>>

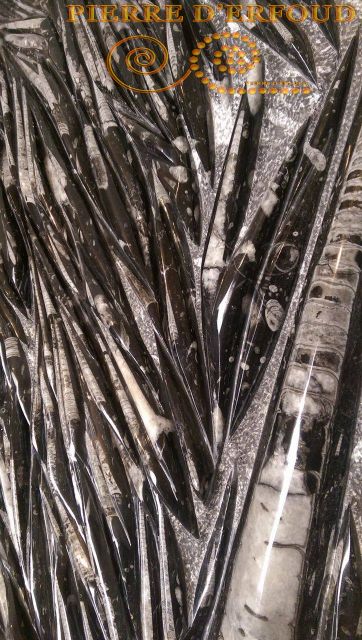 Nos artisans ont apporté le plus grand soin et leur savoir-faire ancestral lors de son extraction, de sa taille et de son polissage en mettant en valeur les ammonites et les orthocères qui le composent.
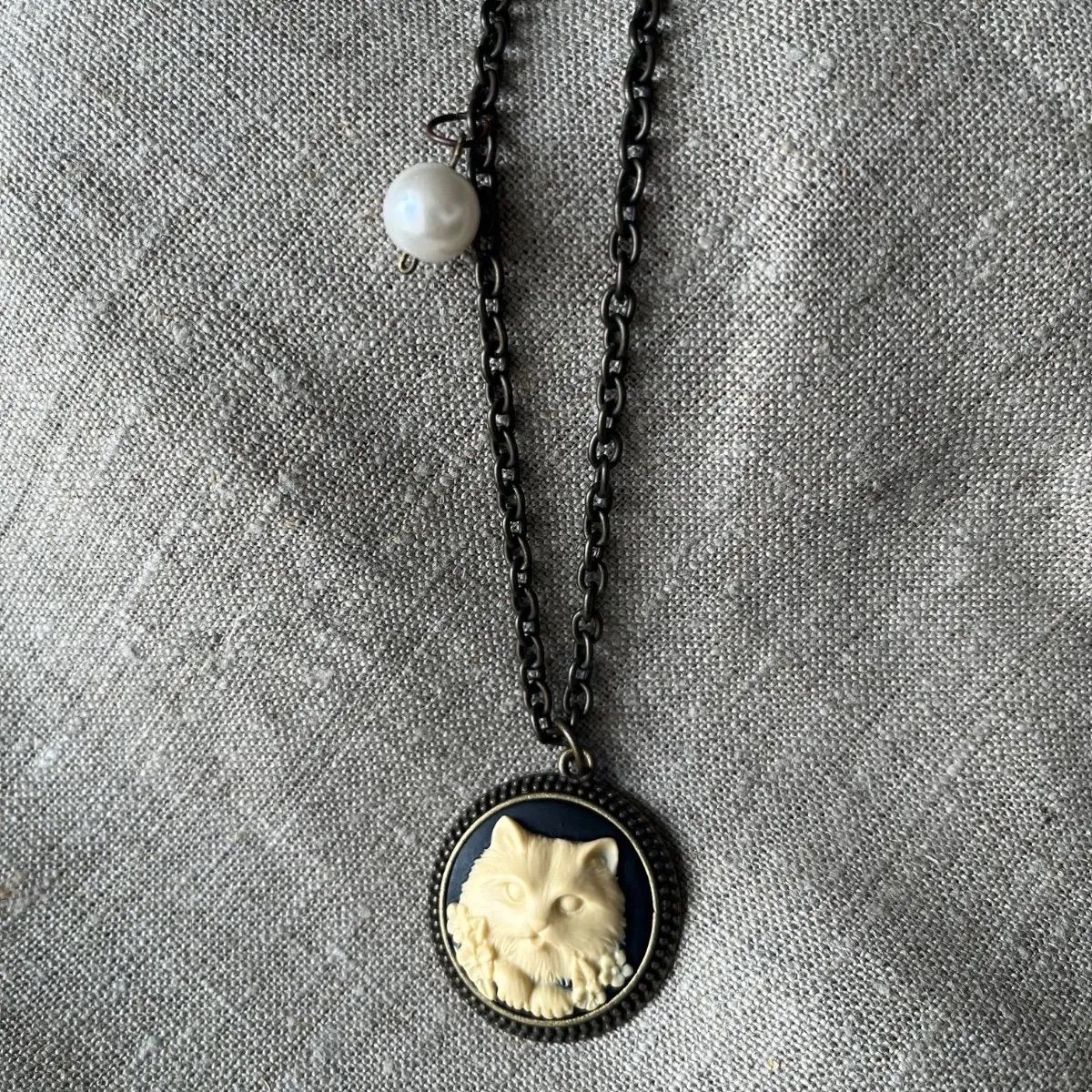大人可愛い猫のヴィンテージカメオネックレス?⬛
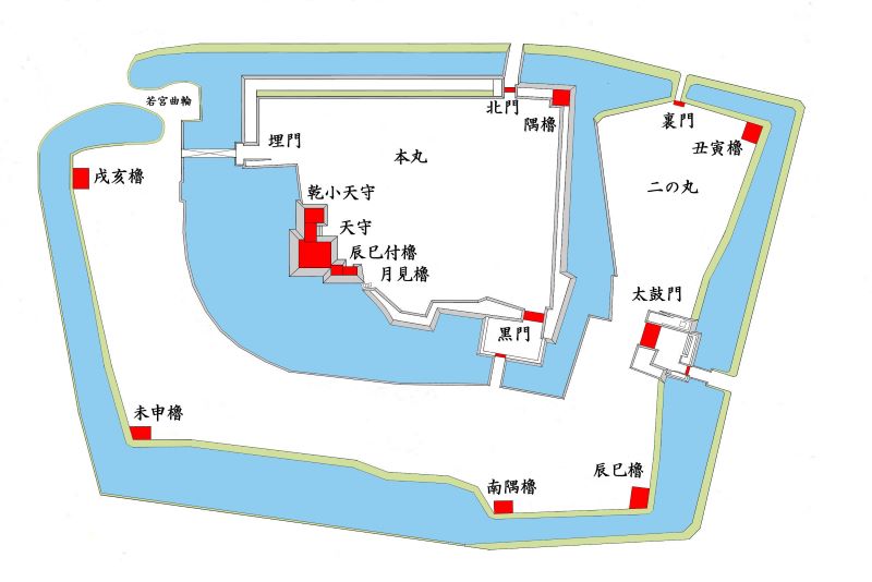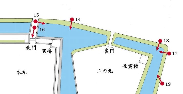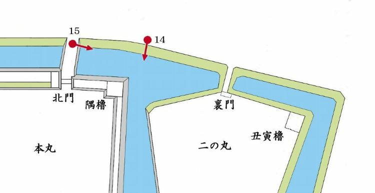 本丸北門・二の丸丑寅櫓台周辺
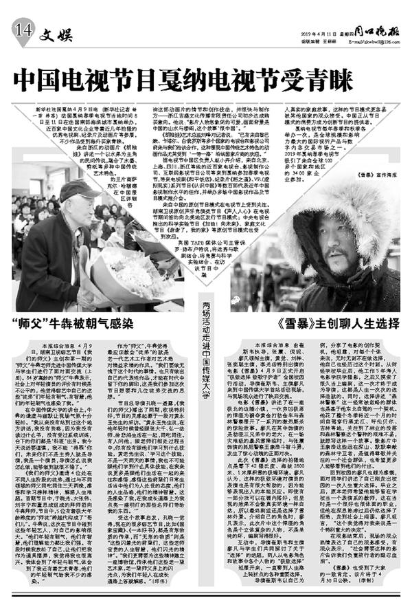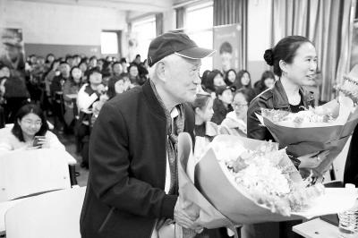 本报综合消息 4月9日, 湖南卫视综艺节目《我们的师父》主创和第一期的“师父”牛犇老师走进中国传媒大学与学生们进行了面对面交流(上图)。84岁高龄的“师父”牛犇表示,社会上对年轻演员的评价有时候是不公平的,他觉得综艺中自己的这些“徒弟”们年轻有朝气、有智慧,他们的年轻朝气也感染了我。”
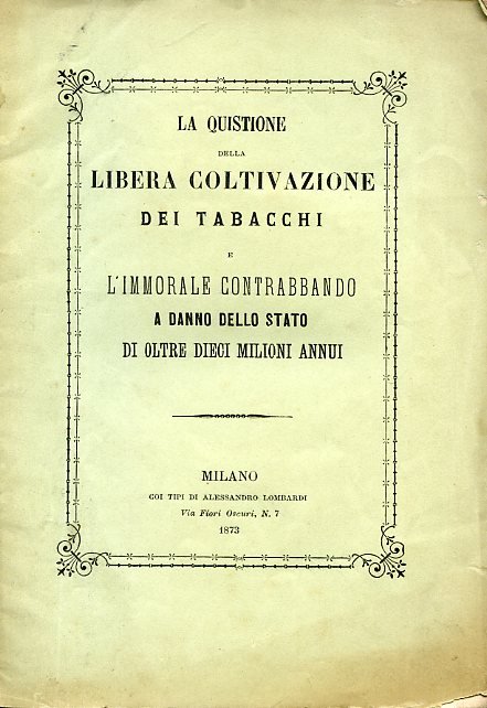 La quistione della libera coltivazione dei tabacchi e l'immorale contrabbando a danno dello Stato di oltre dieci milioni annui
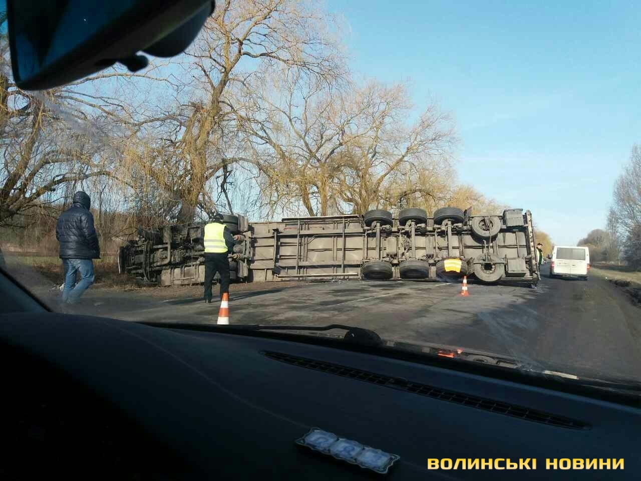 Аварія трапилась 16 березня. Про причину ДТП наразі не відомо, проте нею міг стати різкий маневр автомобіля, або технічна несправність. На місці працює поліція. Рух дорогою, що веде з Луцька на Ковель, - ускладнений. Адже, перекинувшись, фура перекрила майже всю дорогу.
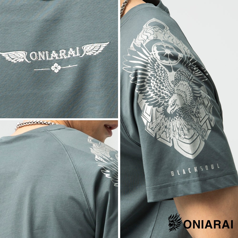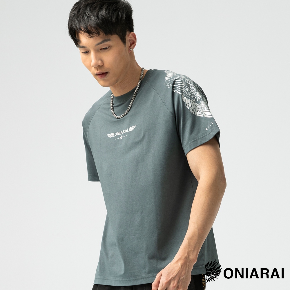 BLUE WAY 鬼洗 ONIARAI – 男款 都市遊俠飛鷹肩甲涼感插肩袖短TEE(綠灰)/網路獨家3L|M|L|XLT-ShirtsBLUE WAY官方旗艦店
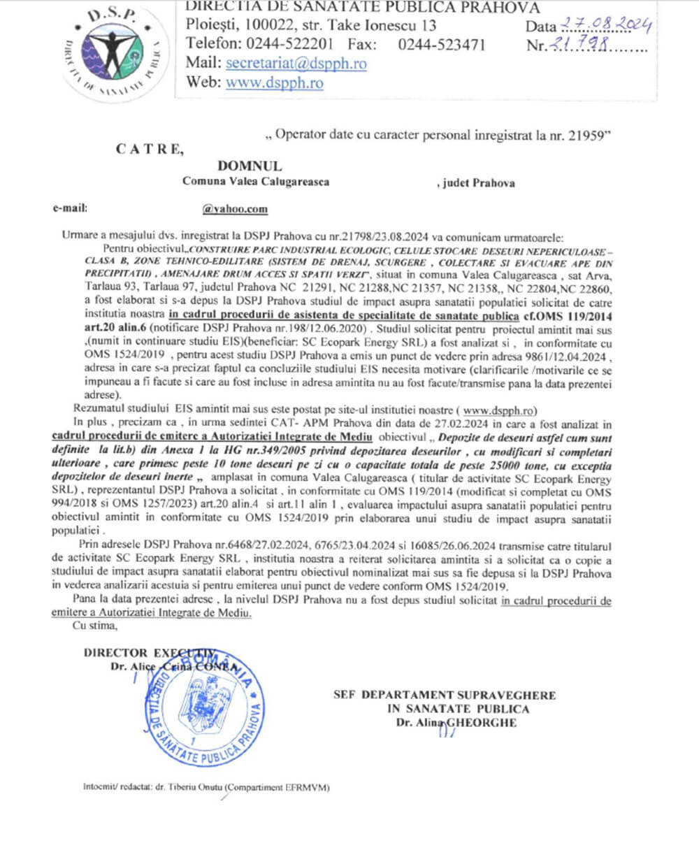 În contextul descris, un locuitor din Valea Călugărească a solicitat, la DSP Prahova, detalii despre noul proiect. Autoritățile sanitare au transmis printr-un răspuns emis la finalul lunii august, că pentru acest obiectiv „a fost elaborat și s-a depus la DSPJ Prahova studiul de impact asupra sămătății populației colicitat de instituția noastră în cadrul procedurii de asistență de specialitate de sănătătate publică (...) Studiul solicitat pentru proiectul amintit mai sus (...) a fost analizat și, în conformitate cu OMS 1542/2019, pentru acest studiu DSPJ Prahova a emis un punct de vedere prin adresa 9861/12.04/2024, adresă în care s-a precizat faptul că concluziile studiului EIS necesită motivare (calrificările/motivările ce se impuneau a fi făcute și cate au fost incluse în adresa amintită nu au fost făcute/transmise până la data prezentei adrese”.

<<

Please restate the material above line by line, exactly, beginning at its first line and ending with the line that contains "BLUE WAY 鬼洗", without any pictures.

 Nos artisans ont apporté le plus grand soin et leur savoir-faire ancestral lors de son extraction, de sa taille et de son polissage en mettant en valeur les ammonites et les orthocères qui le composent.
大人可愛い猫のヴィンテージカメオネックレス?⬛
 本丸北門・二の丸丑寅櫓台周辺
 本报综合消息 4月9日, 湖南卫视综艺节目《我们的师父》主创和第一期的“师父”牛犇老师走进中国传媒大学与学生们进行了面对面交流(上图)。84岁高龄的“师父”牛犇表示,社会上对年轻演员的评价有时候是不公平的,他觉得综艺中自己的这些“徒弟”们年轻有朝气、有智慧,他们的年轻朝气也感染了我。”
 La quistione della libera coltivazione dei tabacchi e l'immorale contrabbando a danno dello Stato di oltre dieci milioni annui
 Аварія трапилась 16 березня. Про причину ДТП наразі не відомо, проте нею міг стати різкий маневр автомобіля, або технічна несправність. На місці працює поліція. Рух дорогою, що веде з Луцька на Ковель, - ускладнений. Адже, перекинувшись, фура перекрила майже всю дорогу.
 BLUE WAY 鬼洗 ONIARAI – 男款 都市遊俠飛鷹肩甲涼感插肩袖短TEE(綠灰)/網路獨家3L|M|L|XLT-ShirtsBLUE WAY官方旗艦店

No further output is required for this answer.